Deolinda Serralheiro

          A liturgia deste domingo convida-nos a amar os outros como Deus nos ama, isto é, a viver no amor, que é o cerne da nossa experiência cristã. O que Deus pede a cada crente, é que permita que Deus inunde o seu próprio coração do amor, que nos vem de Deus e que de nós brota para o irmão e a irmã. Isto exige uma constante passagem do amor egoísta ao amor altruísta e oblativo.

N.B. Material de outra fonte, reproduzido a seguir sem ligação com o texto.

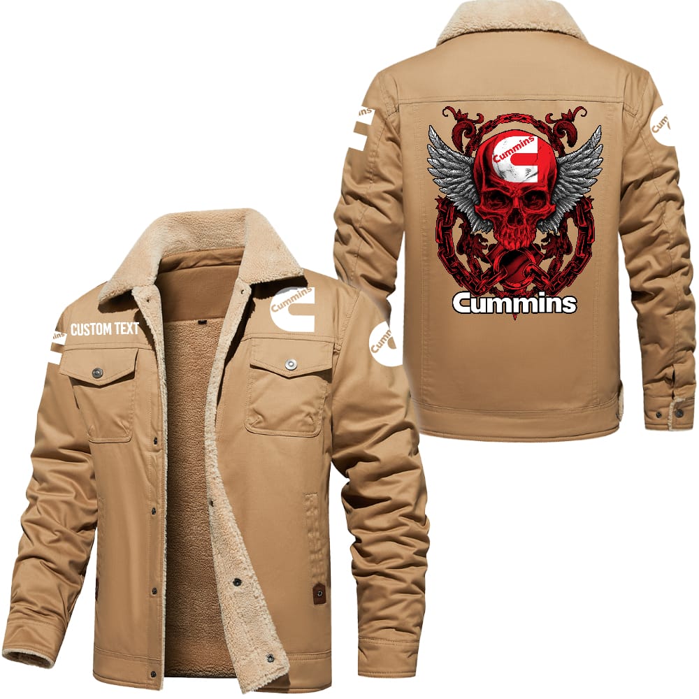 Cummins Skull Art Print Custom Name Cargo Fleece Lined Cotton Jacket

          O evangelho diz-nos, de forma inequívoca, que toda a revelação de Deus se resume no amor, amor a Deus e amor aos irmãos e irmãs. Os dois mandamentos não podem separar-se: “amar a Deus” é cumprir a sua vontade e estabelecer com os irmãos e as irmãs relações de amor, de solidariedade, de partilha, de serviço, até ao dom total da vida. O resto é explicação, desenvolvimento, aplicação à vida prática dessas duas coordenadas fundamentais da vida cristã.

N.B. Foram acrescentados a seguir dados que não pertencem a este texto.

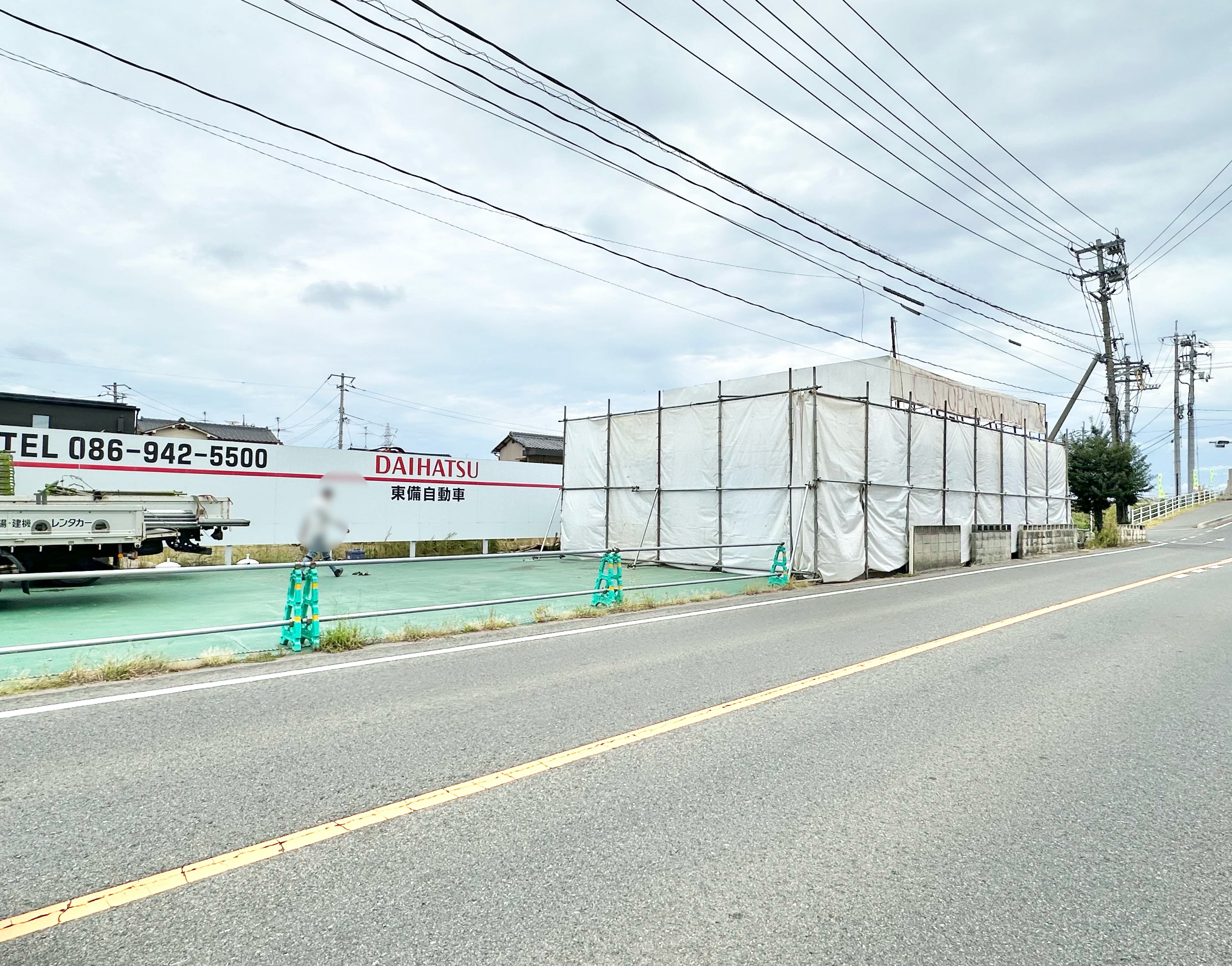 ここは岡山牛窓線沿い、砂川にかかる新橋近くの以前は民家と東備自動車販売所の建物があったとこです。

O Mestre sabe que nós temos necessidade de ler, como quem escuta e medita, este duplo mandamento da Lei de Deus, porque tanto um como outro se nos tornam difíceis de praticar. Criados por Deus e para Deus, e dele dependentes em tudo, como o centro vital de onde nos vem todo o ser, existir e agir, estamos contaminados com profundas raízes malignas, que invertem esta ordem, que poderia ser natural, fazendo-nos rodopiar em volta de nós mesmos, quais narcisistas, que se comprazem na contemplação de si mesmos e da obra das suas mãos. Amar a Deus e ao próximo é um dom e uma tarefa nunca acabada, porque o limite do amor é amar sem limites, em fidelidade criativa.

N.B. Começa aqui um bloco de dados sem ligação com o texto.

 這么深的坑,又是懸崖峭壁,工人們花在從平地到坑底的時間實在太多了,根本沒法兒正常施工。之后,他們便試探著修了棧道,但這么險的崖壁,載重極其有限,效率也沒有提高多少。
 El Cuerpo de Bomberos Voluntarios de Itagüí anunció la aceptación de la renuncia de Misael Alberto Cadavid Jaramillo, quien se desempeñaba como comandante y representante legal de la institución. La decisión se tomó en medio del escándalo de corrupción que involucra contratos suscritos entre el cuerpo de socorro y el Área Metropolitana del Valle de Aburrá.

          Na primeira leitura, o Senhor adverte-nos de que, apesar do amor devido ao próximo ser universal e incondicional, há no entanto, uma certa categoria de pessoas que, à partida, devemos amar. Se o não fizermos, irritaremos o Senhor. Estas pessoas são
o estrangeiro, o pobre, a viúva, aqueles que Deus mais protege, porque normalmente são menos amados por nós. Deus não aceita a perpetuação de situações intoleráveis de injustiça, de arbitrariedade, de opressão, de desrespeito pelos direitos e pela dignidade dos mais pobres e dos mais débeis. Qualquer injustiça ou arbitrariedade praticada contra um irmão ou uma irmã mais pobre ou mais débil é um crime grave contra Deus, que nos afasta da comunhão com Ele e nos coloca fora do âmbito da Aliança.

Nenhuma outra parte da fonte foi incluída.